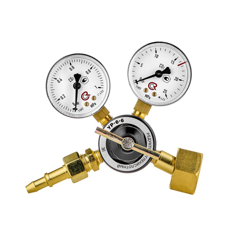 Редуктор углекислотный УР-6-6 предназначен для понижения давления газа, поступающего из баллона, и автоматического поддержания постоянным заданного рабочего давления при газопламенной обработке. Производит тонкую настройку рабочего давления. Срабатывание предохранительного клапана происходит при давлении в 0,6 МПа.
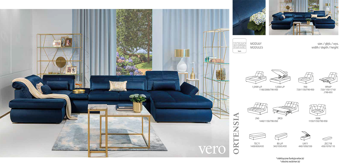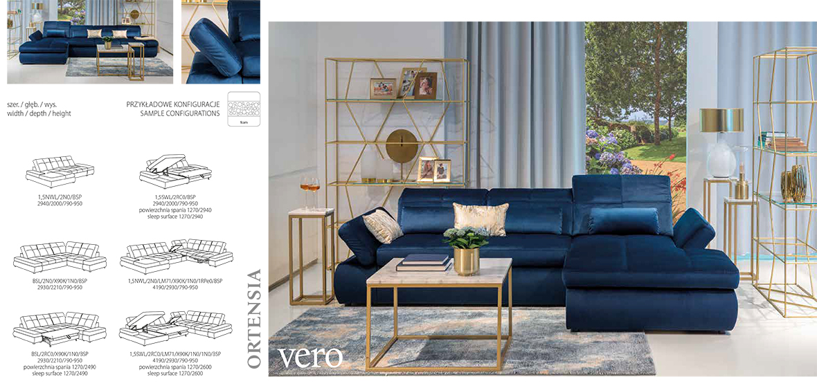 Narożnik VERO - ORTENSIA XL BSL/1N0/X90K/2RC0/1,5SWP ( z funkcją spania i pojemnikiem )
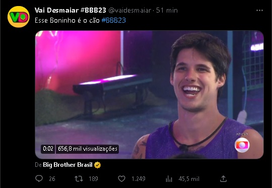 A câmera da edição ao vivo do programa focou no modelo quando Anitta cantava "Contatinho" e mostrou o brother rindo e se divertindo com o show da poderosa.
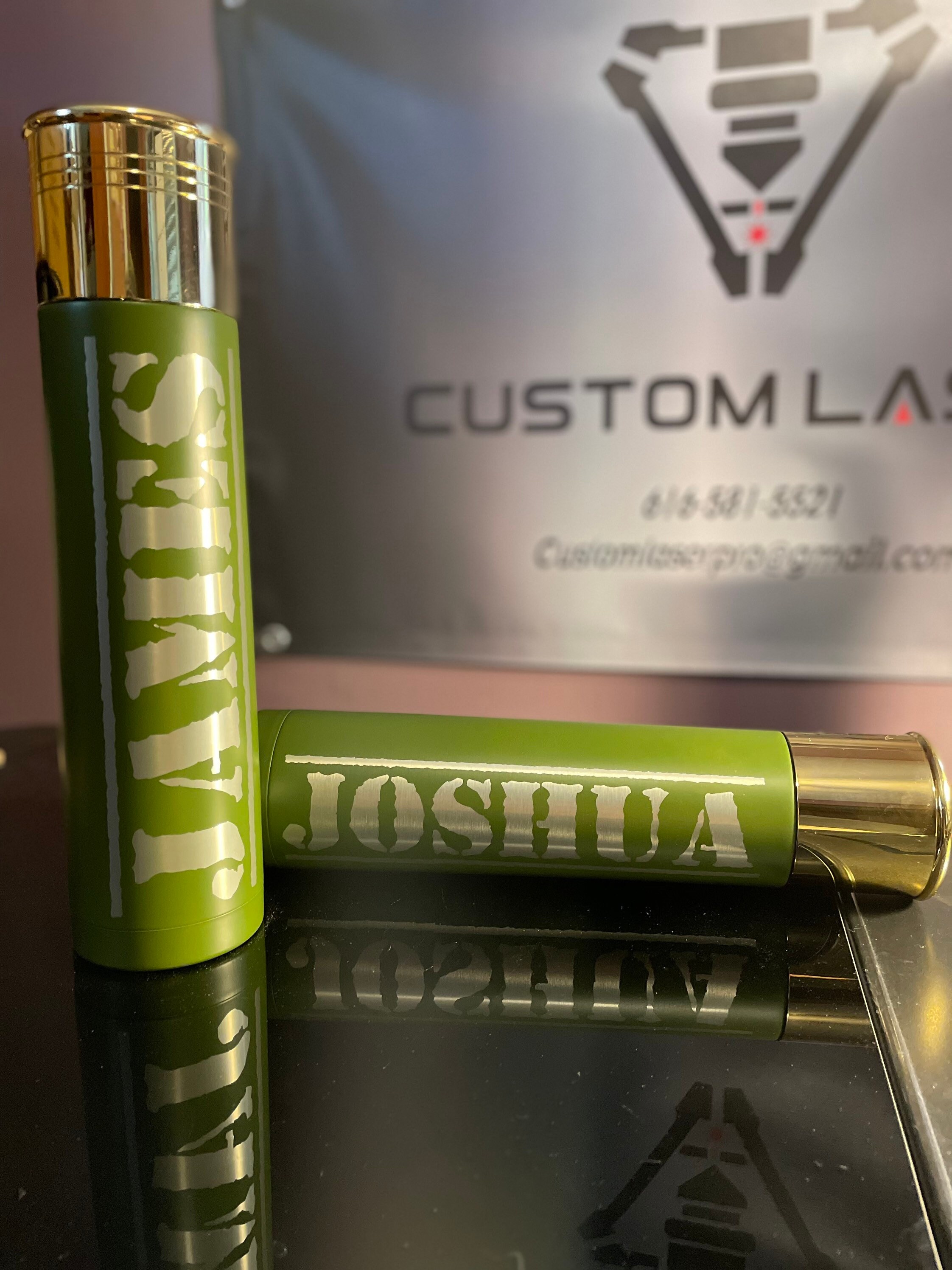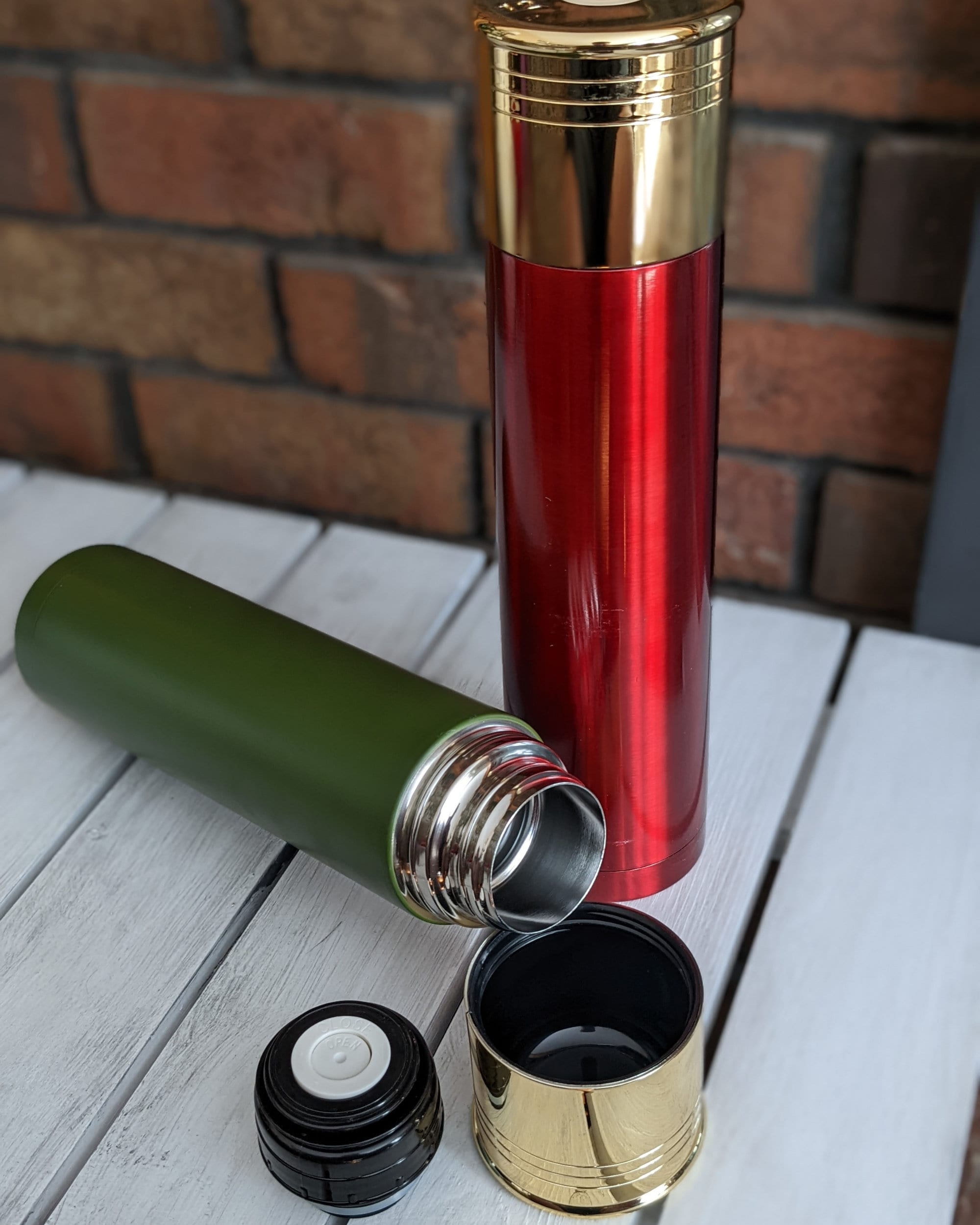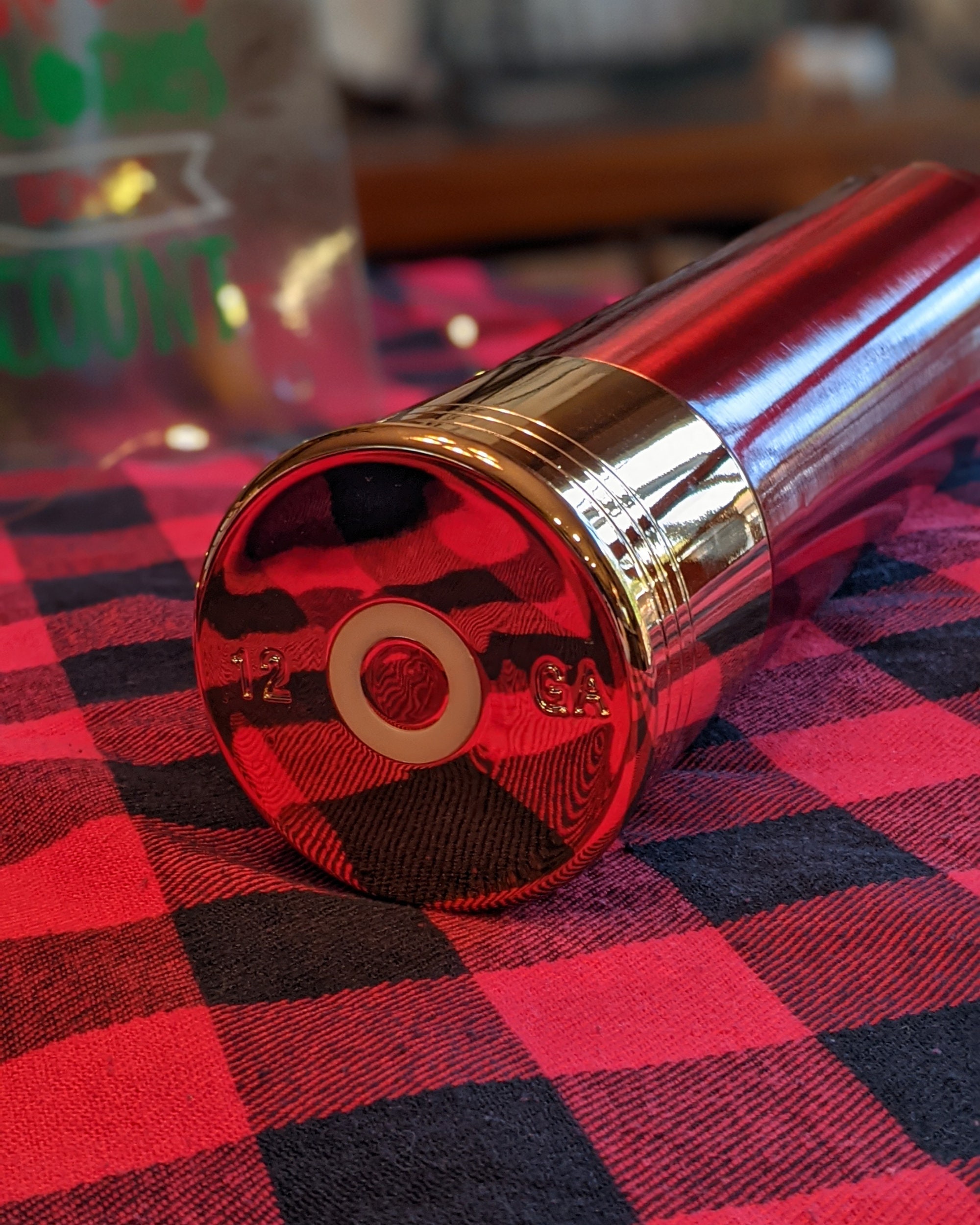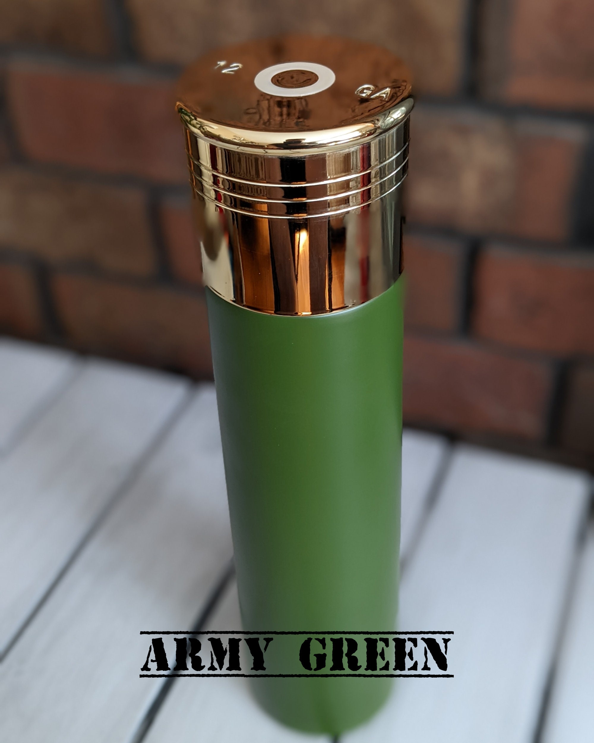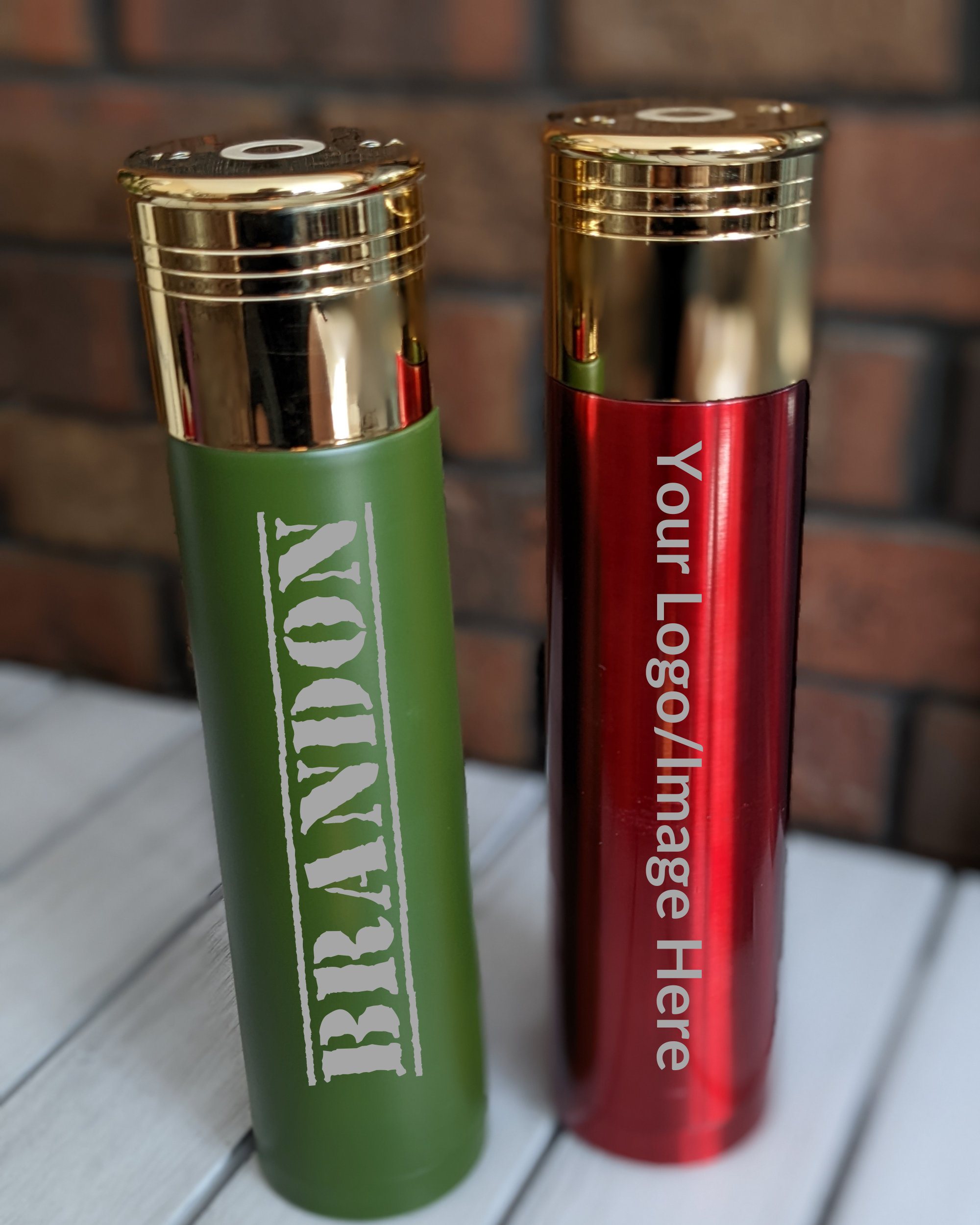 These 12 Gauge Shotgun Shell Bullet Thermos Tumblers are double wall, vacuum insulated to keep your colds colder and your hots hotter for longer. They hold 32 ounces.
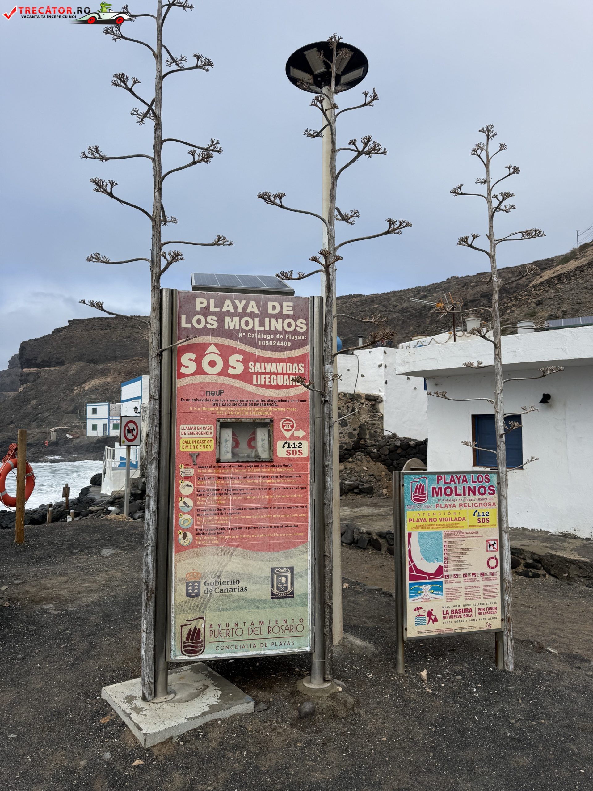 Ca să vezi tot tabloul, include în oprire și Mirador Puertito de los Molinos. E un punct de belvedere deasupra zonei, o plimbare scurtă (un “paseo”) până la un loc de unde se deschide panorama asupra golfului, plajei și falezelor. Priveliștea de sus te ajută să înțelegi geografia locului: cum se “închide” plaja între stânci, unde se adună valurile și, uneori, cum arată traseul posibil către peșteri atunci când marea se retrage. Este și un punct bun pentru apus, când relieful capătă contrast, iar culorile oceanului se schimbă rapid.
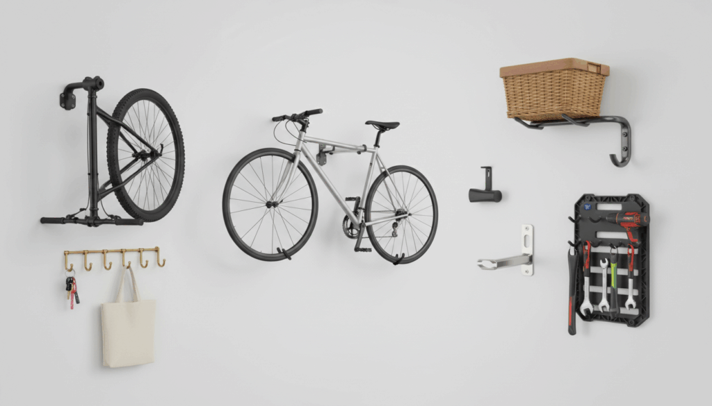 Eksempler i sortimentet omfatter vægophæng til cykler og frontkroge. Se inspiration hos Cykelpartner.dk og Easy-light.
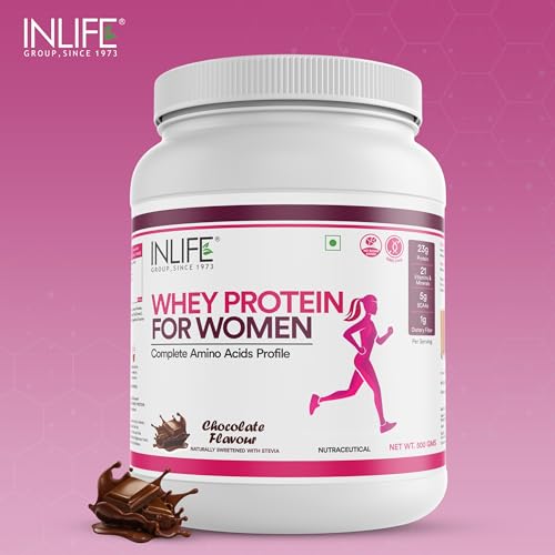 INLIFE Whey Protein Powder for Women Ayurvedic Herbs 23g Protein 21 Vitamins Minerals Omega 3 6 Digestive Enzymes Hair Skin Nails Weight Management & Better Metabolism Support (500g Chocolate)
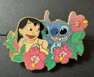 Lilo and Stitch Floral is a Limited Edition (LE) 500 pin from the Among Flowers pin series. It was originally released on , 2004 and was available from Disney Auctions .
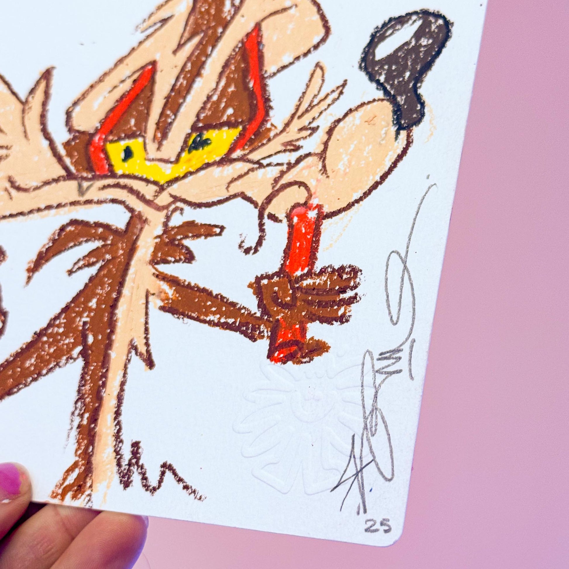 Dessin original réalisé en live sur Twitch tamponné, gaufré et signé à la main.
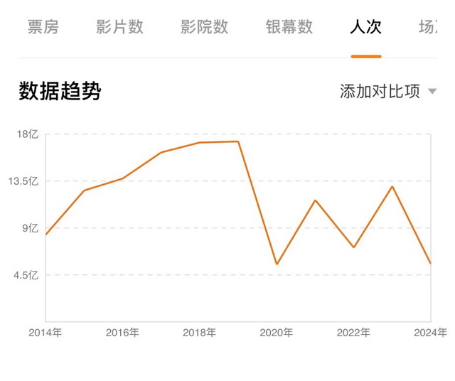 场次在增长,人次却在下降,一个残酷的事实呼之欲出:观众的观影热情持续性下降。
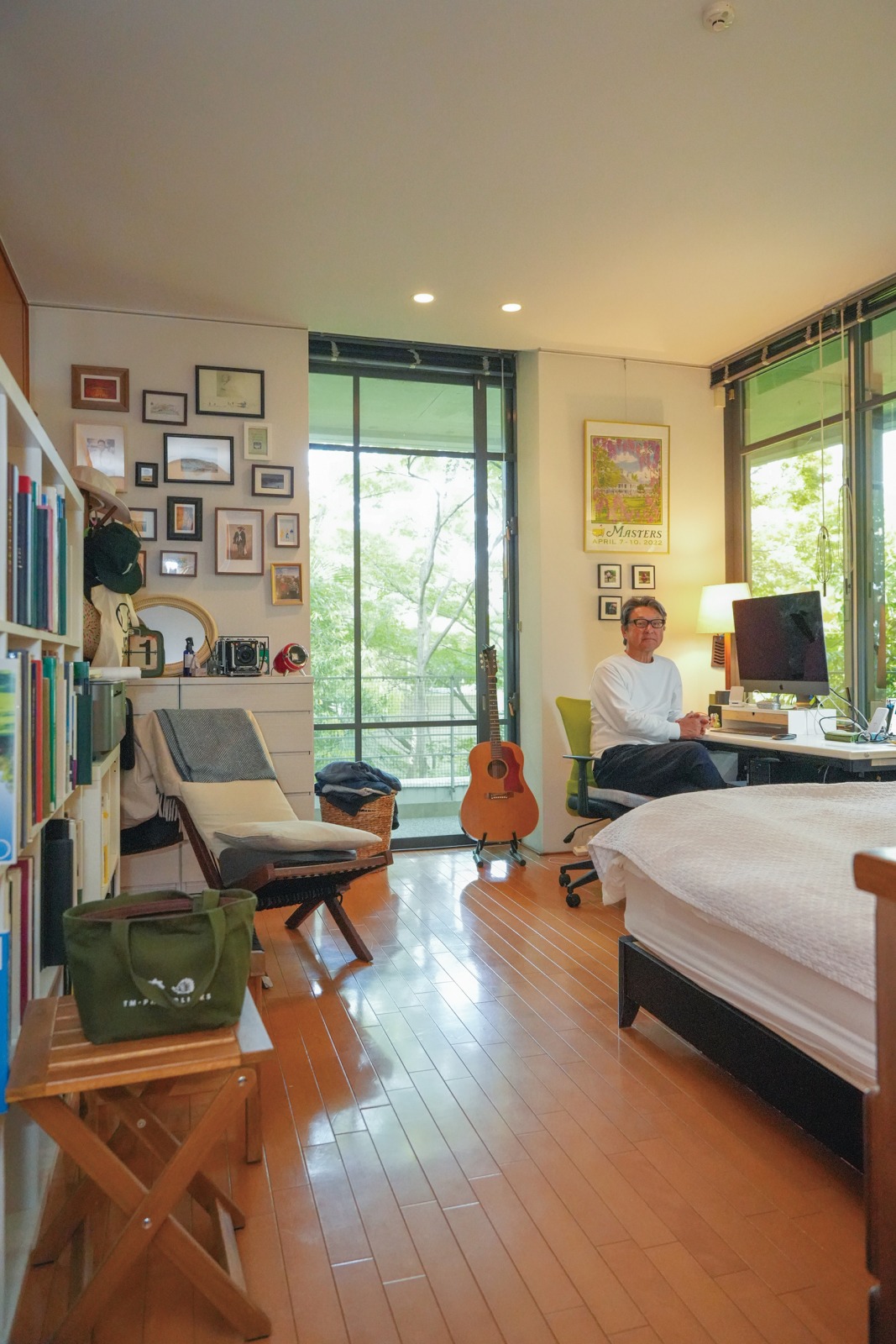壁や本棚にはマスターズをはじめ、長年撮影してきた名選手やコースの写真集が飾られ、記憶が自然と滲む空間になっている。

## YOUR GOAL:
Copy nothing but the lines above from the one with "Dessin original réalisé" through the end of the material, word for word, and drop the pictures.

## RESULT OF THE EXERCISE:
 Dessin original réalisé en live sur Twitch tamponné, gaufré et signé à la main.
 场次在增长,人次却在下降,一个残酷的事实呼之欲出:观众的观影热情持续性下降。
壁や本棚にはマスターズをはじめ、長年撮影してきた名選手やコースの写真集が飾られ、記憶が自然と滲む空間になっている。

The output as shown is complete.